» **Records to process**:
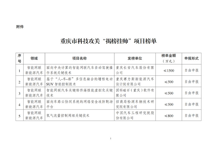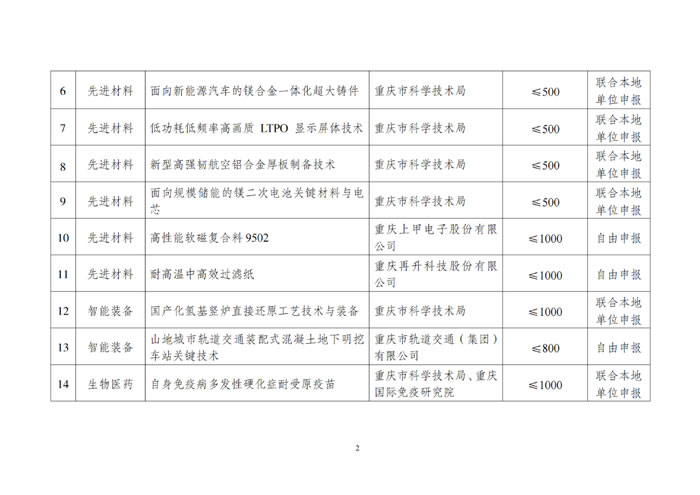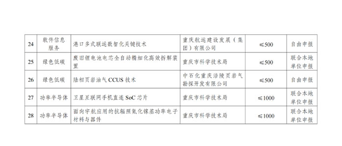 項目主要包括:智能網聯新能源汽車5項,由長安汽車公司等單位提出,重點解決自動駕駛操作系統等重要技術問題。先進材料6項,由再升科技公司等單位提出,重點解決耐高溫中高效過濾紙等重要技術問題。智能裝備2項,由重慶市科技局等單位提出,重點解決國產化氫基豎爐裝備等重要技術問題。生物醫藥8項,由重慶金鳳實驗室等單位提出,重點解決抗腫瘤抗體藥物等重要技術問題。軟件信息服務3項,由中科云從公司等單位提出,重點解決人工智能模型訓練等重要技術問題。綠色低碳2項,由中石化涪陵頁巖氣公司等單位提出,重點解決二氧化碳封存等重要技術問題。功率半導體2項,由重慶市科技局提出。
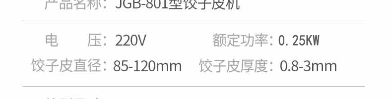 名稱801餃子皮機(jī) 電源220V 功率0.25KW 產(chǎn)量 尺寸650*380*750MM 重量 規(guī)格 其他
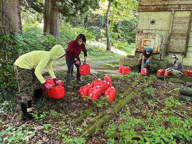 し尿を浄化槽に入れ、ポリタンクを洗って保管します
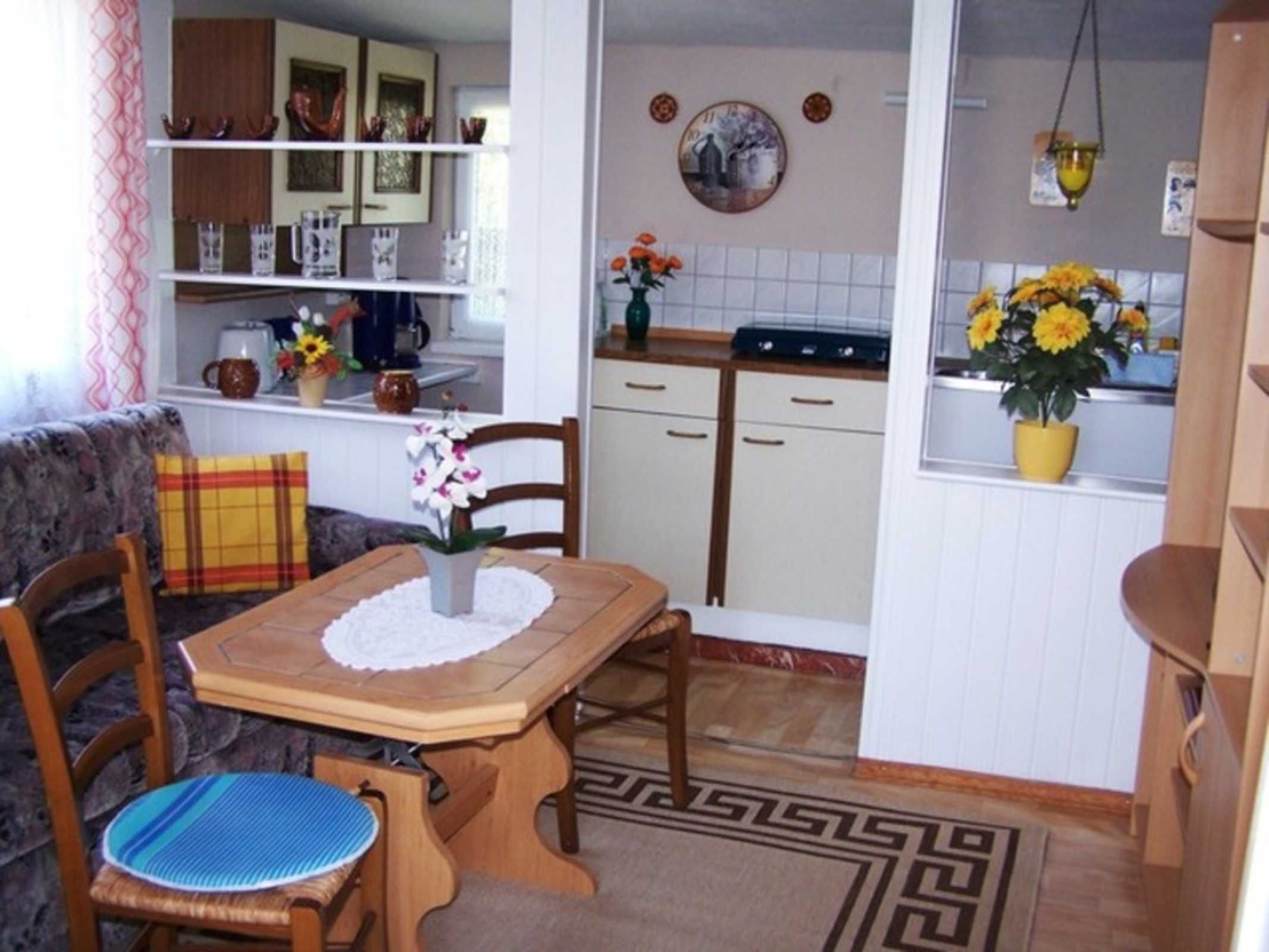 Der Bungalow ist für 2 Personen (Deckenhöhe ca. 2 m) ausgestattet und besteht aus einem Schlafzimmer mit Doppelbett, einem Wohnzimmer mit Sitzecke, TV und Pantryküche(Wasserkoche, Kaffeemaschine,2 Plattenherd usw.) und Dusche & WC.
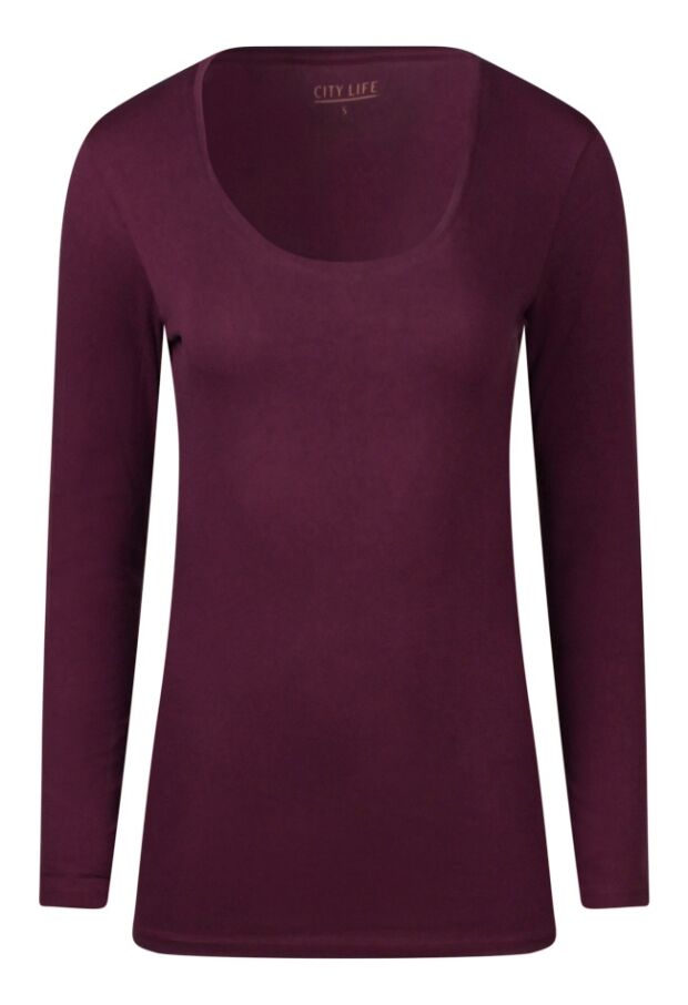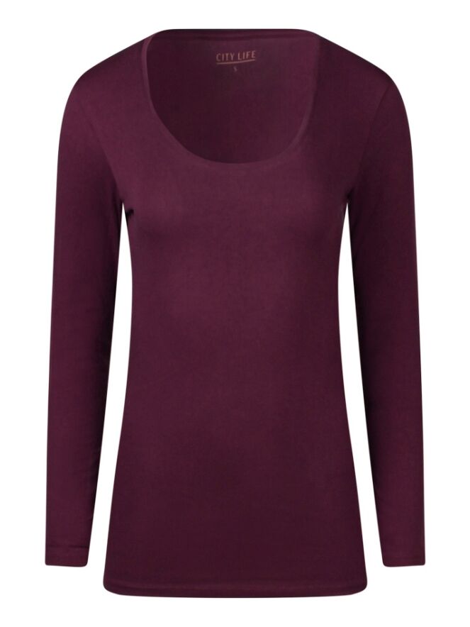 Basic T-shirt met lange mouwen en een diepe ronde hals. Draag het onder een blazer voor een nette casual look. En is het koud? Draag deze basic makkelijk onder je vest of trui. Musthave !
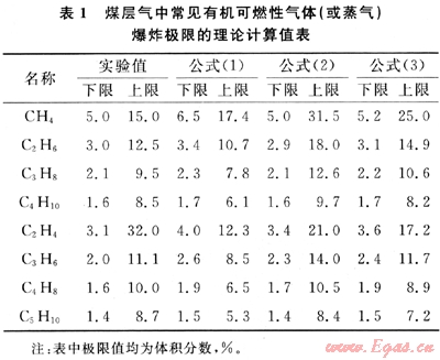 利用上述方法對煤層氣中常見有機可燃性氣體(或蒸氣)的爆炸極限進行了計算(見表1)。
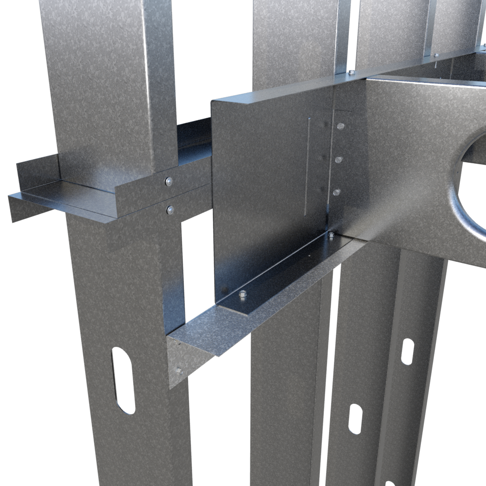 Non-structural corner angles used to connect, reinforce or secure metal stud framing in various drywall applications.
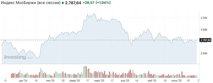 Вчера российский рынок продолжил восходящее движение в диапазоне 2700-2800 пунктов по индексу Мосбиржи и закрылся недалеко от его верхней границы. Индикатор движется в указанном диапазоне с 6 июня, причём в последнее время объёмы сделок заметно снизились.
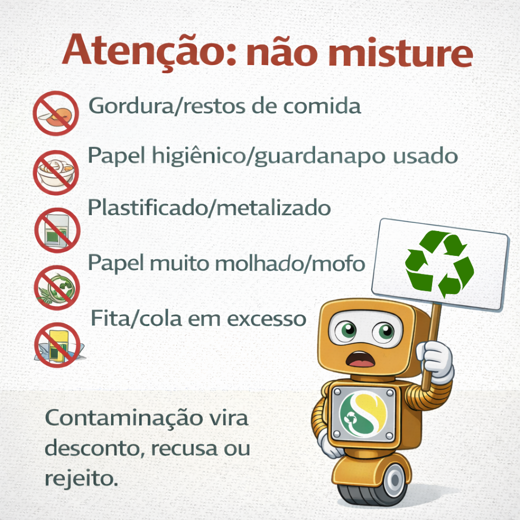 Alguns contaminantes são óbvios (restos de comida), outros passam batido (fita/cola em excesso, itens metalizados). A regra segura é: se for difícil de separar depois, não misture agora.
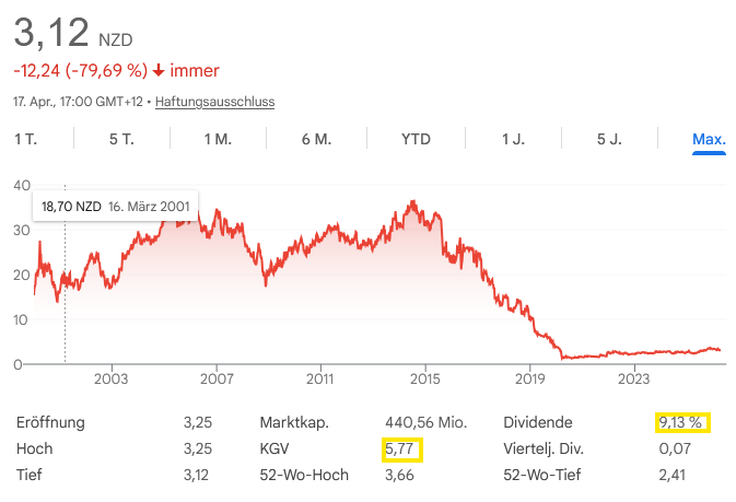 Für einen Anleger, der einen kleinen, marktengen, strukturell riskanten, aber cashflow-starken Turnaround-/Dividendenwert bewusst sucht, ist Sky noch investierbar. Auf Kursen um NZ$3,12 entspräche die bestätigte Mindestdividende von 30 Cent grob einer Rendite von rund 9,6 %. Das ist attraktiv – aber genau deshalb auch kein risikoloser Ertrag, sondern die Bezahlung für echte Geschäftsmodellrisiken. (Intelligent Investor)

» **Your task**:
Leave out every picture, and write out exactly the lines from the one with "Alguns contaminantes são" through the end of the records above, both ends included.

» **Your response**:
 Alguns contaminantes são óbvios (restos de comida), outros passam batido (fita/cola em excesso, itens metalizados). A regra segura é: se for difícil de separar depois, não misture agora.
 Für einen Anleger, der einen kleinen, marktengen, strukturell riskanten, aber cashflow-starken Turnaround-/Dividendenwert bewusst sucht, ist Sky noch investierbar. Auf Kursen um NZ$3,12 entspräche die bestätigte Mindestdividende von 30 Cent grob einer Rendite von rund 9,6 %. Das ist attraktiv – aber genau deshalb auch kein risikoloser Ertrag, sondern die Bezahlung für echte Geschäftsmodellrisiken. (Intelligent Investor)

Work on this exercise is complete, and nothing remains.